== What you have to do ==
Begin at the line below that has "rôtir roast (v)" and stop after the line that has "Frukost: Alle de". Please restate only those lines, word for word.

== Raw data ==
-=-=-=-=-

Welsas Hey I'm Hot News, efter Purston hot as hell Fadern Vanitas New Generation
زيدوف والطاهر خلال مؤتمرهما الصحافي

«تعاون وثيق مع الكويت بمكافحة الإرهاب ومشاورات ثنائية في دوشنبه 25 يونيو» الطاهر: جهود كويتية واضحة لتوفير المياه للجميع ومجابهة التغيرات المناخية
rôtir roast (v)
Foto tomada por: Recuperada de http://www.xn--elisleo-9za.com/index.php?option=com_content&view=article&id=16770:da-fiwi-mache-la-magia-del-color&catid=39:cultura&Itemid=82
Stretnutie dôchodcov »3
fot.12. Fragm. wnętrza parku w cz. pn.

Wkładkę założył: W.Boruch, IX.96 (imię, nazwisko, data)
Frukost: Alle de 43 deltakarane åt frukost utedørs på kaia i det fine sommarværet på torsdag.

-=-=-=-=-

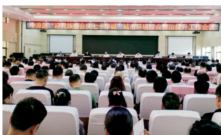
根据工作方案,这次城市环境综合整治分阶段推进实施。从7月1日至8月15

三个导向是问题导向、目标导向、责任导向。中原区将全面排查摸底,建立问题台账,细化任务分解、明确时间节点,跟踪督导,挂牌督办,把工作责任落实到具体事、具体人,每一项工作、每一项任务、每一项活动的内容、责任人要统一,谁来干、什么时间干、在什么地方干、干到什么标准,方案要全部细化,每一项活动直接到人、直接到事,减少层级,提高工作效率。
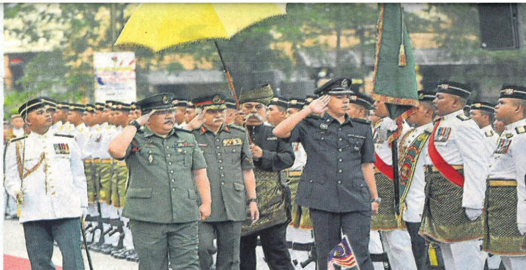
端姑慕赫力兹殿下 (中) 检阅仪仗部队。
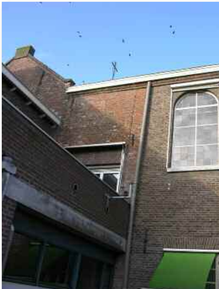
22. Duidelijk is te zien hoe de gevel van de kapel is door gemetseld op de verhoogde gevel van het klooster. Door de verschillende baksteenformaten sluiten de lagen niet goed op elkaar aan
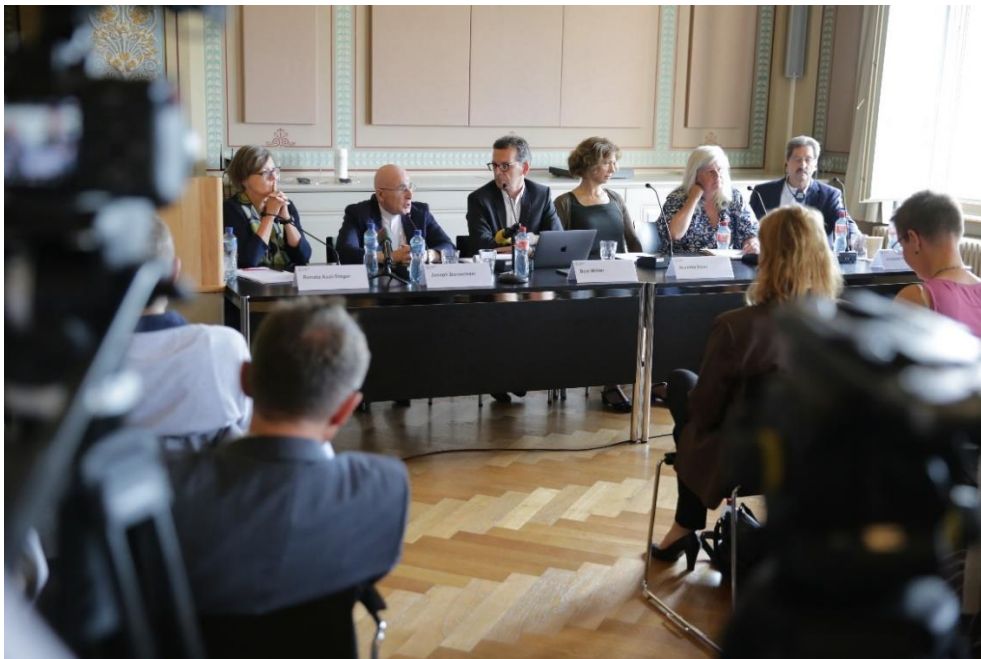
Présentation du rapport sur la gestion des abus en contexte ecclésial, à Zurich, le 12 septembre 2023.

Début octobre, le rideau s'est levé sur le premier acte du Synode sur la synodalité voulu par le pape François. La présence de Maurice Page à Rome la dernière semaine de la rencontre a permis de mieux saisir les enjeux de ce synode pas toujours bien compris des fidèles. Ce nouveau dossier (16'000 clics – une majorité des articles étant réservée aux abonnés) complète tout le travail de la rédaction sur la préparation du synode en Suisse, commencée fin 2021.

-=-=-=-=-

== Exercise output ==
rôtir roast (v)
Foto tomada por: Recuperada de http://www.xn--elisleo-9za.com/index.php?option=com_content&view=article&id=16770:da-fiwi-mache-la-magia-del-color&catid=39:cultura&Itemid=82
Stretnutie dôchodcov »3
fot.12. Fragm. wnętrza parku w cz. pn.

Wkładkę założył: W.Boruch, IX.96 (imię, nazwisko, data)
Frukost: Alle de 43 deltakarane åt frukost utedørs på kaia i det fine sommarværet på torsdag.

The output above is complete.